I've sat here for twenty minutes trying to write this. I just... every time I sit down to write this, it just doesn't want to write itself. It just doesn't come out into words like I need it to.
I don't even know how to start this. I mean, this has been literally the most successful thing I've ever written, with 1.19 million reads, 18.2 thousand votes, and 7.73 thousand comments. And I could not be anymore grateful than I am right now because of this book.
Because of the popularity of this book, and whatnot, I've gained three hundred followers in a little over a year. Do you know how crazy that is for me? I almost have a thousand followers on this website, and I joined in 2011, and I never expected any of this to come from it. Ever.
But, here I am. And I can't help but feel like I'm not worthy of all of this. My updating schedule is shit, I have tons of stories I never finish, and I always start new ones without finishing them.
Yet, I've never really felt that way with this book until recently. I always felt my preferences were up to par for the most part. I always enjoyed writing them, and I almost always could sit down and crank out a great (or what I thought, and so did you guys, it seems) preference without much trouble. They were a good length, and they had actual substance. And I updated a lot. Like, every week.
Recently, my preferences have fallen through the cracks. They're few and far between, not to mention they take me like four seconds to write, and they're not good. They're a few words, and they have no substance.
But, I feel so pressured into writing great preferences all the time, so I never update because I know that they're not going to be good enough. For a book with over a million reads, you begin to feel the pressure of so many people reading ad wanting good quality preferences, and I just don't feel like I'm giving that to you guys.
I started this preference book over two years ago, and I've had 117 written preferences in here. That was more than I ever expected, considering I started this when I was still writing my One Direction preferences. Which, I ended after 30 some preferences.
And I've gotten older. When I started these preferences, I was thirteen. I'm turning sixteen in five months, and while I love 5sos more now than I did when I started the preferences... I don't exactly love writing brother sister moments as much anymore.
When I was thirteen, I fantasized about having the boys as my siblings, or any type of relation to them.
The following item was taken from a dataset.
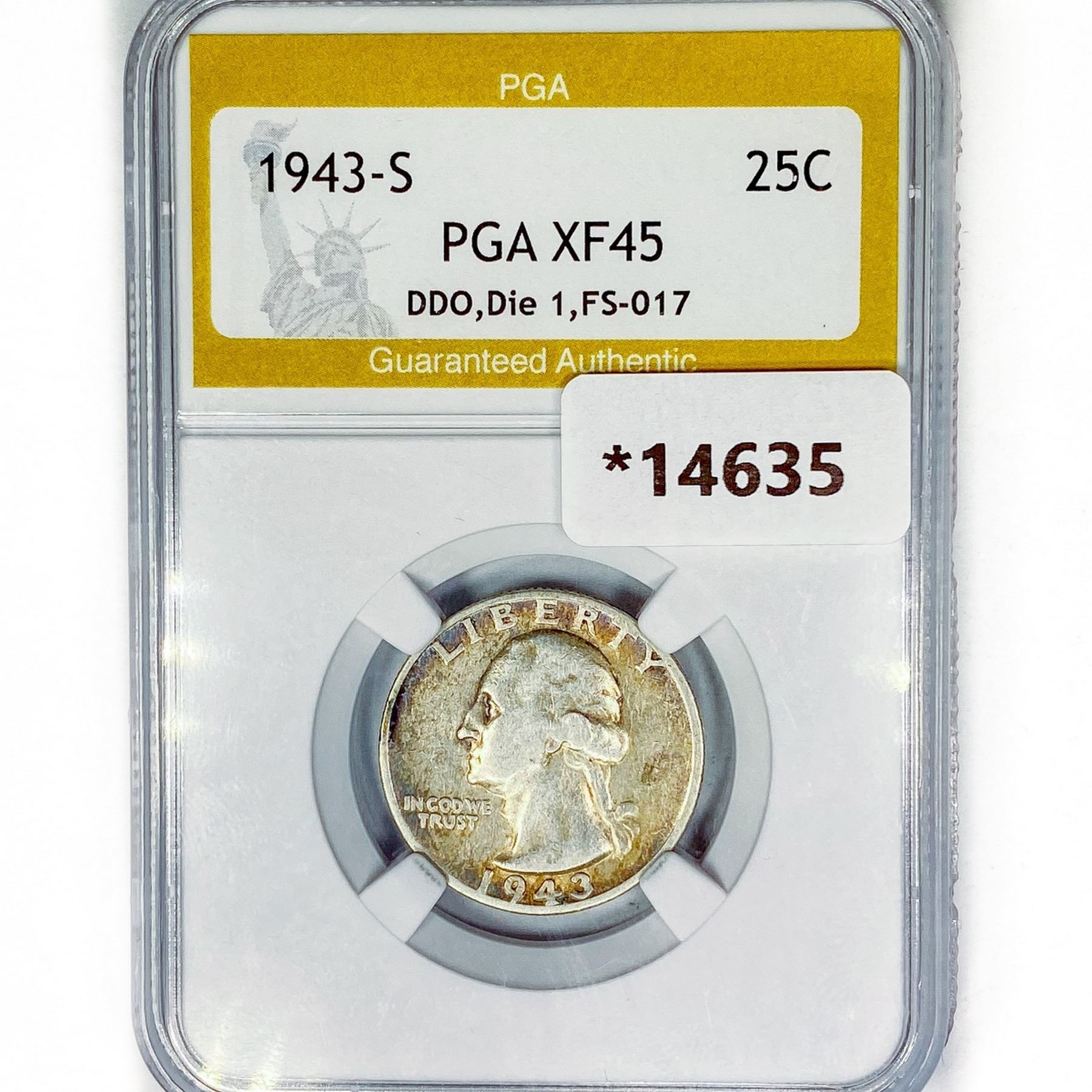 1943-S Wheat Quarter PGA XF45 DDO, Die 1, FS-017

That's why I wrote this, because it was a way for my to live out how I felt. But, as the years went by, I got over that. I realized that all I am ever going to be is a fan, and I'm okay with that now. I didn't use to be, and these BSM preferences used to be my escape from all the reality.
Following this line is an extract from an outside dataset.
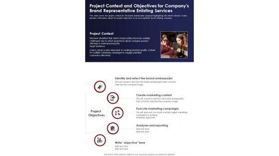 Presenting you an exemplary Project Context And Objectives For Companys Brand Representative One Pager Sample Example Document. Our one-pager comprises all the must-have essentials of an inclusive document. You can edit it with ease, as its layout is completely editable. With such freedom, you can tweak its design and other elements to your requirements. Download this Project Context And Objectives For Companys Brand Representative Enlisting Services One Pager Sample Example Document brilliant piece now. Our Project Context And Objectives For Companys Brand Representative One Pager Sample Example Document are topically designed to provide an attractive backdrop to any subject. Use them to look like a presentation pro.

These BSM preferences used to be my escape from everything. I fantasized about having the boys as my brothers because of the fact that I was depressed and hated almost everything about my real life. I wasn't happy with who I was as a person, my friends, or my family. And I had crippling anxiety.
That's why I went to counseling and realized that I could only get better if I wanted to. And I did. That's why a year later, I'm in the school play, taking dance classes, and planning on doing a lot of things this summer (acting camp, hopefully!) that I never would have done otherwise.
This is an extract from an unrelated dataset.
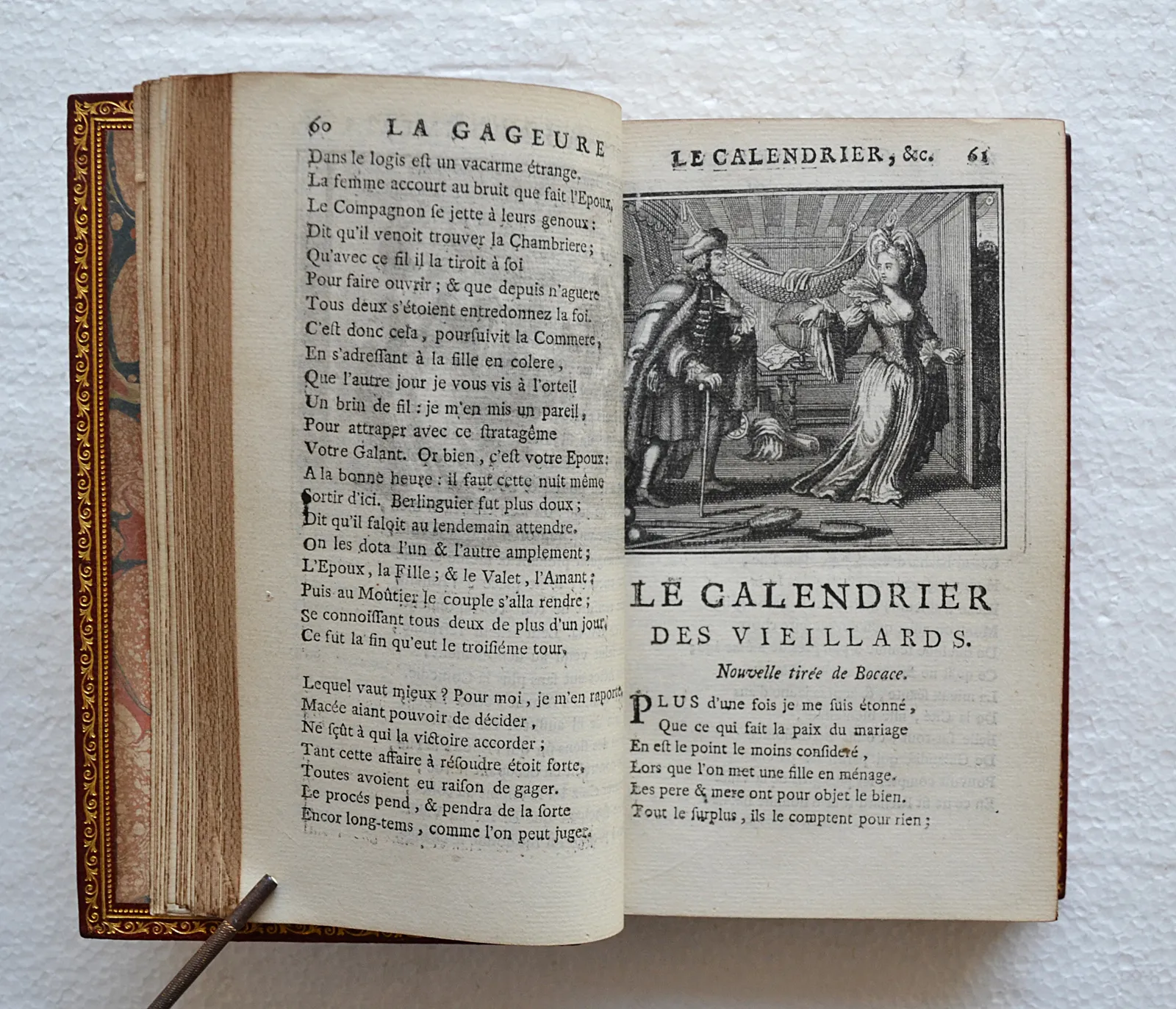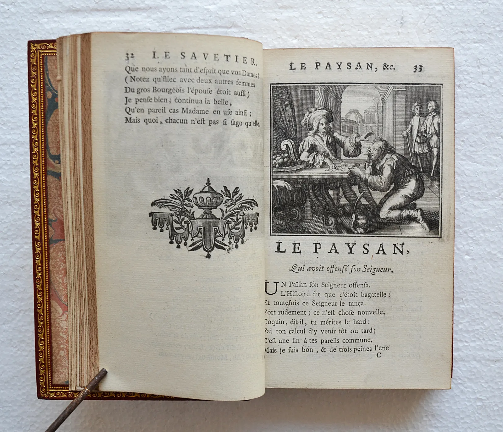 « Ces illustrations bien connues avaient paru pour la première fois dans la jolie édition d’Amsterdam, 1685, fort recherchée des bibliophiles et que beaucoup d’amateurs, malgré sa date, ajoutent avec raison aux éditions du XVIII° siècle » (Cohen – 556).

And so, as I got better, the preferences didn't. I overcame the idea of escaping reality, because I came to like reality more than the idea of having the boys as brothers. As much as that would be great, I just don't imagine it like I used to. It's not something I feel I need to do. And in all honesty, I feel like writing these preferences is one of the only things holding me back from completely advancing into a new stage with my writing.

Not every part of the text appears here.